START DATASET EXCERPT

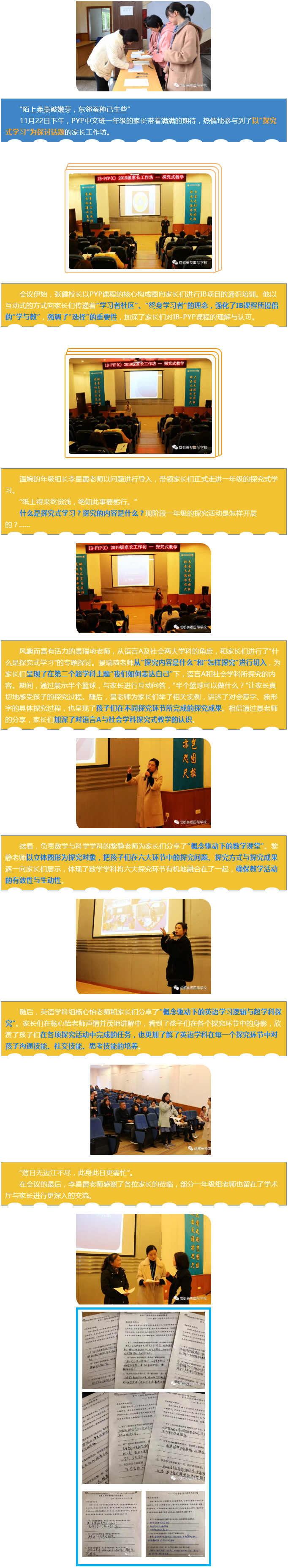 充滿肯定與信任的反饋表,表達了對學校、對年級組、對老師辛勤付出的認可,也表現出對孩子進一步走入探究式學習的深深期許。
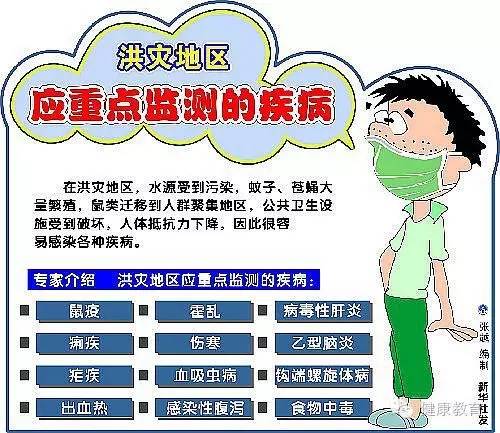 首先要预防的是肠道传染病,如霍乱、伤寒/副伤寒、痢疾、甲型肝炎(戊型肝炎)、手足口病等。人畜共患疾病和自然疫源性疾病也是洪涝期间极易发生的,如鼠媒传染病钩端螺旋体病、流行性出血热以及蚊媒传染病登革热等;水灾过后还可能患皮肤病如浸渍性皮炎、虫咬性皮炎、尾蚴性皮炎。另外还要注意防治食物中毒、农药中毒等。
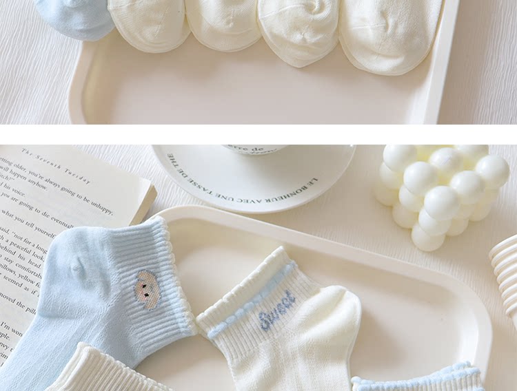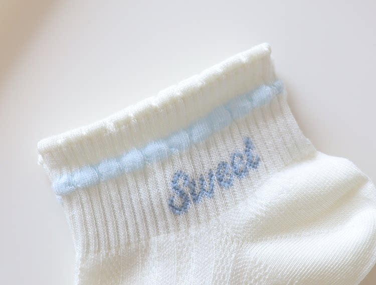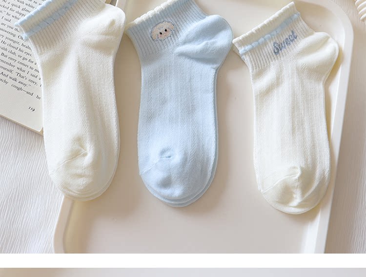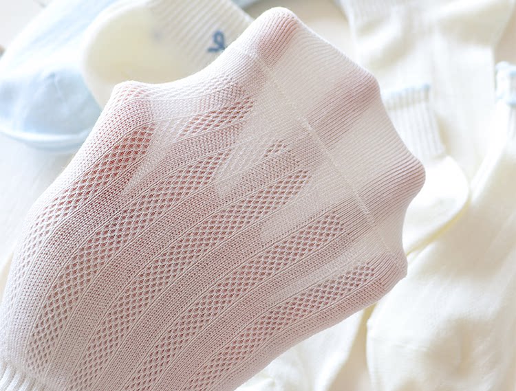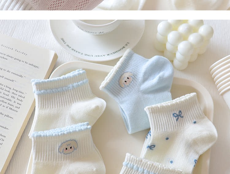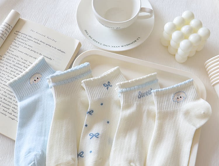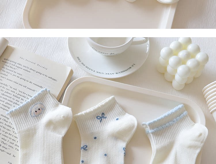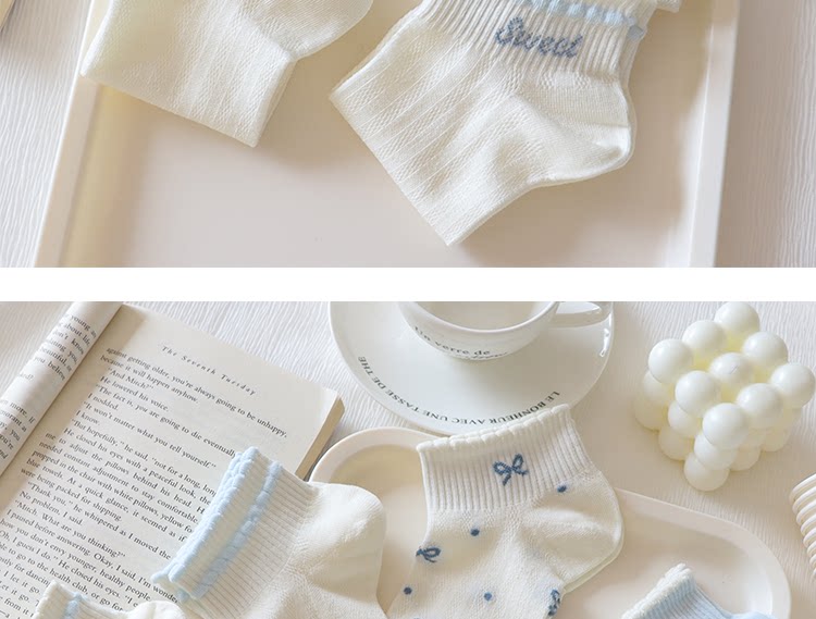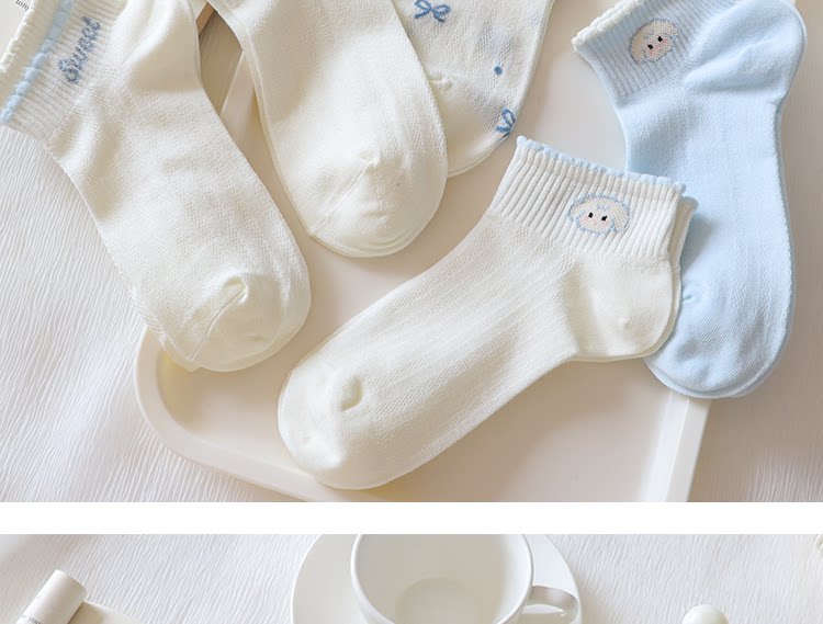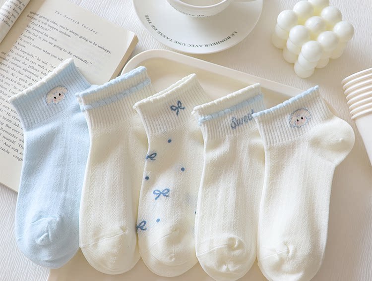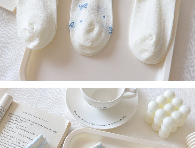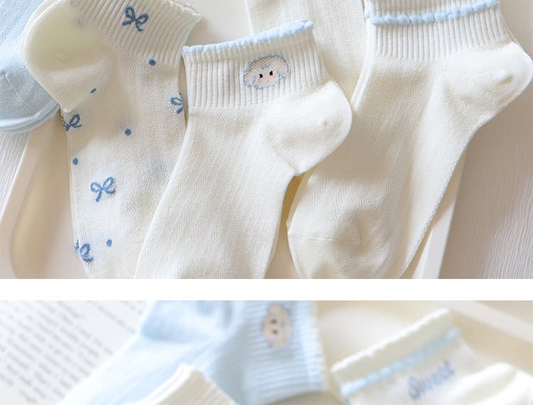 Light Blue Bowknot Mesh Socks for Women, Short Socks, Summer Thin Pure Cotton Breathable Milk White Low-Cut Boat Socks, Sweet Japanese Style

END DATASET EXCERPT

• EXERCISE DIRECTIONS:
From the line that holds "首先要预防的是肠道传染病,如" to the last line of the data, return those lines exactly and nothing else; both ends count, and pictures stay out.

• TASK SOLUTION:
 首先要预防的是肠道传染病,如霍乱、伤寒/副伤寒、痢疾、甲型肝炎(戊型肝炎)、手足口病等。人畜共患疾病和自然疫源性疾病也是洪涝期间极易发生的,如鼠媒传染病钩端螺旋体病、流行性出血热以及蚊媒传染病登革热等;水灾过后还可能患皮肤病如浸渍性皮炎、虫咬性皮炎、尾蚴性皮炎。另外还要注意防治食物中毒、农药中毒等。
 Light Blue Bowknot Mesh Socks for Women, Short Socks, Summer Thin Pure Cotton Breathable Milk White Low-Cut Boat Socks, Sweet Japanese Style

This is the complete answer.